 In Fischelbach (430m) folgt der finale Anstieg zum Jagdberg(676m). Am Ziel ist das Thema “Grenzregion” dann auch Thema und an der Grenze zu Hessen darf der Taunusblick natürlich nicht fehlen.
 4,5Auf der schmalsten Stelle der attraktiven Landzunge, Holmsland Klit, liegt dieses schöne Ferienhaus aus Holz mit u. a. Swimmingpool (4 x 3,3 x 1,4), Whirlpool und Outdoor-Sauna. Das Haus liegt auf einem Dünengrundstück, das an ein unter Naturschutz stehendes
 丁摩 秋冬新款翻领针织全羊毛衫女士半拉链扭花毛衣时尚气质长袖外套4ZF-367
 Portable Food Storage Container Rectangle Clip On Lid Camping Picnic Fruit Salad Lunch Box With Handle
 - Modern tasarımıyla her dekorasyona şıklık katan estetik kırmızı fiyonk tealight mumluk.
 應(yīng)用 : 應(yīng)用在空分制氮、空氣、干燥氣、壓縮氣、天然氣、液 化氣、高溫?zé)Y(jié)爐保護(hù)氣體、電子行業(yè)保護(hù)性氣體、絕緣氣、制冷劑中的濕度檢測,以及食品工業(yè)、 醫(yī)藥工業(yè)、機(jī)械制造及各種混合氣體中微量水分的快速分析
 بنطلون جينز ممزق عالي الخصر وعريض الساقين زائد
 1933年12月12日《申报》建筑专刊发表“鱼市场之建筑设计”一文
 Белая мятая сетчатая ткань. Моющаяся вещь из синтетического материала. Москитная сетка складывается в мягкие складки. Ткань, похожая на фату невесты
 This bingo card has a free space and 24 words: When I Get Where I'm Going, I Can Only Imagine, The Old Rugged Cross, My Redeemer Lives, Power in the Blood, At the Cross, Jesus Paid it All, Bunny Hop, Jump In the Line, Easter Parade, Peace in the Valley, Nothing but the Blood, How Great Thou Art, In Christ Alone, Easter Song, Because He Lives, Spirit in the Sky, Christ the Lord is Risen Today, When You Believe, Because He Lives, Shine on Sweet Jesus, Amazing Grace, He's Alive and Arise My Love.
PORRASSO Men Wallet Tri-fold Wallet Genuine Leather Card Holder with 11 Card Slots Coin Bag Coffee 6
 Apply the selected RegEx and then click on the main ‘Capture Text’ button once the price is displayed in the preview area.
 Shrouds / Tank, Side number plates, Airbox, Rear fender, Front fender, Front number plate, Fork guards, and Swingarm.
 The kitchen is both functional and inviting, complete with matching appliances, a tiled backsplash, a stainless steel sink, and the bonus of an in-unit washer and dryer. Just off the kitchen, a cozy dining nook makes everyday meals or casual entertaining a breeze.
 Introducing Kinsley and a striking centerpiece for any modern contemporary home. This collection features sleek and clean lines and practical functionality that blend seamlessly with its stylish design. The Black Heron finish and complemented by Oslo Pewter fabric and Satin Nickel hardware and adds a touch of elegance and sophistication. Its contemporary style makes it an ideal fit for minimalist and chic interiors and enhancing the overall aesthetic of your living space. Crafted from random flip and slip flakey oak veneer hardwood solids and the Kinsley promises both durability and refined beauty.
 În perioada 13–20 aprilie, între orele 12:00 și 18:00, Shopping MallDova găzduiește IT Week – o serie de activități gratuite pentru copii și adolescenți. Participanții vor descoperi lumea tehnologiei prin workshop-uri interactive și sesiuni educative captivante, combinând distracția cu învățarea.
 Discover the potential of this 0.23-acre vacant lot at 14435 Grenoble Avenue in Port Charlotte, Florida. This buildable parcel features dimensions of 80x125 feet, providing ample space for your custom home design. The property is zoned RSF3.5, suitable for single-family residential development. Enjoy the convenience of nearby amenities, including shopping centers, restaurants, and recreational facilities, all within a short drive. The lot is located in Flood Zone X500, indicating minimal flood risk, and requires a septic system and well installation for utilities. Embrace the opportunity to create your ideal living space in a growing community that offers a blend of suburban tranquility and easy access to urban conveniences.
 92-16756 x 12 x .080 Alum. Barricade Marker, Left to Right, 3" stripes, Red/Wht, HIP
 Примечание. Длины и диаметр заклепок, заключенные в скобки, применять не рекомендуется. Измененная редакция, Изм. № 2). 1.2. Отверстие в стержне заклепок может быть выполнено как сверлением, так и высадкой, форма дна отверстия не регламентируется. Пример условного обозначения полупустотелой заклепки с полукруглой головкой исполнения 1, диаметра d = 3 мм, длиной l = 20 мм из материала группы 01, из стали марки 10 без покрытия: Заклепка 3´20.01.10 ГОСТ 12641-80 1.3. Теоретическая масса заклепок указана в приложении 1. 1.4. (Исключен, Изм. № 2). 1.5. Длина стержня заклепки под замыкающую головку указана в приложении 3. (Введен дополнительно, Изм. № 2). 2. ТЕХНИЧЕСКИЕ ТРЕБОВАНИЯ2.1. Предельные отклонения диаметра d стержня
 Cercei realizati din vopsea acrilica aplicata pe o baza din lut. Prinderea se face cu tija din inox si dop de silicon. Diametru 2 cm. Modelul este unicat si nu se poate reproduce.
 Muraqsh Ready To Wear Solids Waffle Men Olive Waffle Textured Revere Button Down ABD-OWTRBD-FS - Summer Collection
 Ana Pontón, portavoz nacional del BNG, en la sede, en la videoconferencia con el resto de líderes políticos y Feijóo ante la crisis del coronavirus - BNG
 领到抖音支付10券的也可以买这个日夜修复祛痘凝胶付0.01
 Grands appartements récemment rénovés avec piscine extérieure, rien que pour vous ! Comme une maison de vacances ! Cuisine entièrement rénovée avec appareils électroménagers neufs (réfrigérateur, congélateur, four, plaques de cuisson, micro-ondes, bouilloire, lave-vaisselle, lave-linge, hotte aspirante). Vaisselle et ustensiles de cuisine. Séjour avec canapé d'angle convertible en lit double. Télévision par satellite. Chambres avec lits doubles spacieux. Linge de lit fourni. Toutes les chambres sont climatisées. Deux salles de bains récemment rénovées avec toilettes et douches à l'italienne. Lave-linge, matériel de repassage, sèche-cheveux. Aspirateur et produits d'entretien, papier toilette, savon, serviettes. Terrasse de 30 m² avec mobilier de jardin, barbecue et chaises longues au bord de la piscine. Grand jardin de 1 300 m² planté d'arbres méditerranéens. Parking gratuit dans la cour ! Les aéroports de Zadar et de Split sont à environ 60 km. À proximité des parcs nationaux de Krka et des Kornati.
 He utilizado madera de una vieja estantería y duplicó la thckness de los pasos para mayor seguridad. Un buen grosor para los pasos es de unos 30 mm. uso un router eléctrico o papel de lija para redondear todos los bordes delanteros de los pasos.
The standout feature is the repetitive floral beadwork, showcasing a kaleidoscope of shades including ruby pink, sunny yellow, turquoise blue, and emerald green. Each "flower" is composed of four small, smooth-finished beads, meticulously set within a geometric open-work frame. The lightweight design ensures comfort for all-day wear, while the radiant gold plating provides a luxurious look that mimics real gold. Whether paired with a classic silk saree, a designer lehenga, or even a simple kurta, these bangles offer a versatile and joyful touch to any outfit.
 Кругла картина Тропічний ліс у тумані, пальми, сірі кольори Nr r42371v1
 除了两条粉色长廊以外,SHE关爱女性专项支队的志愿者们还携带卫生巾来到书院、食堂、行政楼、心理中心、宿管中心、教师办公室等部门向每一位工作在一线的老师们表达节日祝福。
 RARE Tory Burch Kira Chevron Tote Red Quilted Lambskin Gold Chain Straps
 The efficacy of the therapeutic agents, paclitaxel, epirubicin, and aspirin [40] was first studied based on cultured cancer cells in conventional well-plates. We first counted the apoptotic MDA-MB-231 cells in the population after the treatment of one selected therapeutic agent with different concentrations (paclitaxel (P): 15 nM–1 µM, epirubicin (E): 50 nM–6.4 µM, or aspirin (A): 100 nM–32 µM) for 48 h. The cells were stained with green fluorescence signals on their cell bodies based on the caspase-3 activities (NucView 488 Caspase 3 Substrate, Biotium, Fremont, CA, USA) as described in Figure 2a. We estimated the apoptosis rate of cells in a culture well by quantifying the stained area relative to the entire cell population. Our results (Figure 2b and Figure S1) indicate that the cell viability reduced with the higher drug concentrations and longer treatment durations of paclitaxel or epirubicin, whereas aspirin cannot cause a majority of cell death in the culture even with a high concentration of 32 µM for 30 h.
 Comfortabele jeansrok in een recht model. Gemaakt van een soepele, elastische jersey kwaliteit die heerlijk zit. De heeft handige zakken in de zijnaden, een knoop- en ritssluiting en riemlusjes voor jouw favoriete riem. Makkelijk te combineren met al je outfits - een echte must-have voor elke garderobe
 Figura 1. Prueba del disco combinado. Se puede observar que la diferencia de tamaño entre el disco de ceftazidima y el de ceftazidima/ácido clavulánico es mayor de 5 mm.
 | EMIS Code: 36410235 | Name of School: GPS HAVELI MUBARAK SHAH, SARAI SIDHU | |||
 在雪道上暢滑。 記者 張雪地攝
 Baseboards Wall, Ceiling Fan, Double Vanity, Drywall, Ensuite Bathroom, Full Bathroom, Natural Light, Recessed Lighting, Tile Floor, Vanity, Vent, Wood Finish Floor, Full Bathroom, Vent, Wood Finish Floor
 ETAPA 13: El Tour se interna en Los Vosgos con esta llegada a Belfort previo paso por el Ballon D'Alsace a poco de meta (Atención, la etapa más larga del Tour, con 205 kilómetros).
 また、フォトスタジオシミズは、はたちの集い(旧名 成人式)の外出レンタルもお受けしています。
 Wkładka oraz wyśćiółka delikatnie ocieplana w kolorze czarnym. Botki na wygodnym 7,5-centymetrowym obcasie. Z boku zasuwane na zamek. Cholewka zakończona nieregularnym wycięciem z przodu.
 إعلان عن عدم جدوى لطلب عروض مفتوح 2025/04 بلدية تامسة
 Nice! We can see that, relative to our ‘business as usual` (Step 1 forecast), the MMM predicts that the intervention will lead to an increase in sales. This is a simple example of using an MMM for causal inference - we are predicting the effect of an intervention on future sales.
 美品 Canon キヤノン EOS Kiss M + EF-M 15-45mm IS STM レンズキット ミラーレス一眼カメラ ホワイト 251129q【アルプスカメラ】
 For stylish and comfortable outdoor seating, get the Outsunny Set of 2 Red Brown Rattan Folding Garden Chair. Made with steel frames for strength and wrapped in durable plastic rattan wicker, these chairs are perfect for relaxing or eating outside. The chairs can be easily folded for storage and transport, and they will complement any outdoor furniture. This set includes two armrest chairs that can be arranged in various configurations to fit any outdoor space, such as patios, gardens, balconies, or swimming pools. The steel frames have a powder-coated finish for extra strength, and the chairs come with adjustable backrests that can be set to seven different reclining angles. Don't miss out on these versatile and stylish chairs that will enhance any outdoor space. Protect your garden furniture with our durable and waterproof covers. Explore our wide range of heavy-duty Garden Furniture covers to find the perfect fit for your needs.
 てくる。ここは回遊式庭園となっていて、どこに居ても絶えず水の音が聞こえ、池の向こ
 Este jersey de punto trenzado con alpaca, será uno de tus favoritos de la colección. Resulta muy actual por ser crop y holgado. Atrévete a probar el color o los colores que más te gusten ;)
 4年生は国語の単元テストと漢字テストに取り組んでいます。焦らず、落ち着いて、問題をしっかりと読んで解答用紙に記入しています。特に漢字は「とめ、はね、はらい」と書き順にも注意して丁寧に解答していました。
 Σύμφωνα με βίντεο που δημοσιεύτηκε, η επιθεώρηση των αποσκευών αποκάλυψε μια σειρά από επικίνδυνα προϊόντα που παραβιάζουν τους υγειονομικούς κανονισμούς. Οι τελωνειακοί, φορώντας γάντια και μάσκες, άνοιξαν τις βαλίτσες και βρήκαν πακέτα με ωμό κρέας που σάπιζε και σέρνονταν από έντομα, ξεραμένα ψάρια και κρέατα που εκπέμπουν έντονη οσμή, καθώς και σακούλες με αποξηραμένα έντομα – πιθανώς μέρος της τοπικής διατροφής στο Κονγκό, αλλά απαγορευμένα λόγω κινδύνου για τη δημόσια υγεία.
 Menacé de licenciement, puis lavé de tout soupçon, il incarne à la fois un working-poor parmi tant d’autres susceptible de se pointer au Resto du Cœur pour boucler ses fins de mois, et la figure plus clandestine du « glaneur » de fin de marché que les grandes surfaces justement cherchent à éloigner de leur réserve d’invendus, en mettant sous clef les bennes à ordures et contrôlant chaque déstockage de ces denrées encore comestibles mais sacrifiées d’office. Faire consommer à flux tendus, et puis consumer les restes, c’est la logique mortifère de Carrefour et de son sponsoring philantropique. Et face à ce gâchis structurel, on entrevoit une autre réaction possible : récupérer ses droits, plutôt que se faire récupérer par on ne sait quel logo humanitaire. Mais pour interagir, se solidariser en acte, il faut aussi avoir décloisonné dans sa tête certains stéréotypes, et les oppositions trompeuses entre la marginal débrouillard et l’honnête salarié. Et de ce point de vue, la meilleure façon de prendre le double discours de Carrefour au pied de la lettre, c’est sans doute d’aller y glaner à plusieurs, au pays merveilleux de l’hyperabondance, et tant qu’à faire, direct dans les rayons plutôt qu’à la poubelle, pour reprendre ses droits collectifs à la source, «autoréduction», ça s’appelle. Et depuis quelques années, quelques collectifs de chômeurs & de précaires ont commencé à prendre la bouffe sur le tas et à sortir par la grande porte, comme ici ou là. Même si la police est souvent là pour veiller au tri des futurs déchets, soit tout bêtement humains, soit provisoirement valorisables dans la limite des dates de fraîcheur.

- Problem to solve:
Please reproduce, exactly as they appear above, the lines from the line containing "Кругла картина Тропічний" up to and including the line containing "RARE Tory Burch".

- Answer to the exercise:
 Кругла картина Тропічний ліс у тумані, пальми, сірі кольори Nr r42371v1
 除了两条粉色长廊以外,SHE关爱女性专项支队的志愿者们还携带卫生巾来到书院、食堂、行政楼、心理中心、宿管中心、教师办公室等部门向每一位工作在一线的老师们表达节日祝福。
 RARE Tory Burch Kira Chevron Tote Red Quilted Lambskin Gold Chain Straps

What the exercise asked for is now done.